Nancy Graham, the former Centre City Development Corp. president, was fined $32,000 Thursday by the San Diego Ethics Commission, ending a two-year saga that derailed nearly $2 billion in downtown projects, drew FBI attention and almost took down the city’s downtown redevelopment agency.

Graham, who didn’t attend the hearing, was penalized for failing to report some $3.5 million she received from a private business deal done in Florida before moving here in 2005. The commission found that she violated city ethics laws 18 times.

Her partners in that deal, which included the Lennar Corp., paid Graham while she was CCDC’s president. But she never reported that income on her annual conflict-of-interest disclosures. Without any stated conflict, she went on to negotiate the terms of a downtown hotel proposed on land Lennar owned near Petco Park.

The issue went unnoticed until I asked her about it in spring 2008.

She told me that the private deal was long in her past, that she hadn’t had any interest in the private deal for years. She said she’d sold her interests in N-K Ventures, the business she owned with her former husband.

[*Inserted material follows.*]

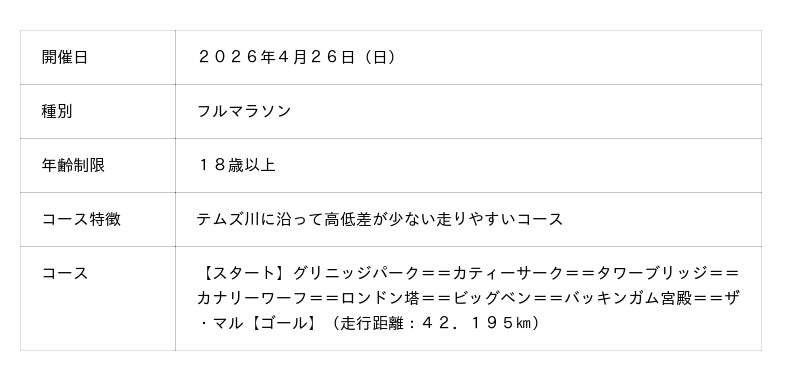 同マラソンは、例年春にイギリス ロンドンで開催され、毎年5万人以上のランナーが参加する世界有数の人気の高いマラソン大会です。走行コースは、世界遺産タワーブリッジをはじめ、ロンドン塔、ビッグベン(国会議事堂)といった歴史ある名所を巡り、ロンドンの魅力を満喫できるルートとなっています。

“I have no interest in N-K or anything they do,” Graham told me in 2008. “It is a bullshit argument by either sour grapes losers or other people.”

That claim proved false.

In fact, it was Graham’s own testimony — this time under oath, not to me — that unraveled her changing story. We found a sworn deposition she’d given in 2007. In it, Graham acknowledged receiving $125,000 from the Lennar deal while she was CCDC’s president.

At the same time she was negotiating a deal with Lennar, the company was paying her profits from the old business deal.

That drew the Ethics Commission’s attention, prompting an investigation that started in the summer of 2008 and ended Thursday night.

A three-member panel of commissioners had proposed fining Graham $25,000. But two other commissioners, John O’Neill and Bud Wetzler, argued for more. O’Neill pointed to Graham’s public statements and called them disingenuous. He recalled a statement she made during a day-long ethics hearing in May when she claimed she didn’t know that building a hotel near Petco Park would be profitable to its developers.

O’Neill held up a blue post-it note he’d written in his notes about that claim. It simply said: “Absurd.”

“The record does show an attempt to deceive,” O’Neill said.

Wetzler said Graham’s actions, coming at the top levels of the organization, were “one of the most serious of all violations we could have.”

“I’m convinced,” he said, “that someplace along the line she shifted from accidental to intent.”

A $36,000 fine was entertained and rejected; the five commissioners had to unanimously agree, and two did not.

So they deliberated quietly and settled on $32,000 — less than the maximum $90,000 that could’ve been levied but more than originally proposed. The fine was unanimously approved.

Graham was fined $4,000 each on two violations: Preparing a staff report on the hotel project and discussing it at a CCDC board meeting. She was fined $1,500 apiece for 16 other violations, including sending e-mails and participating in negotiations about the project.

It’s the second-largest fine in the Ethics Commission’s nine-year history.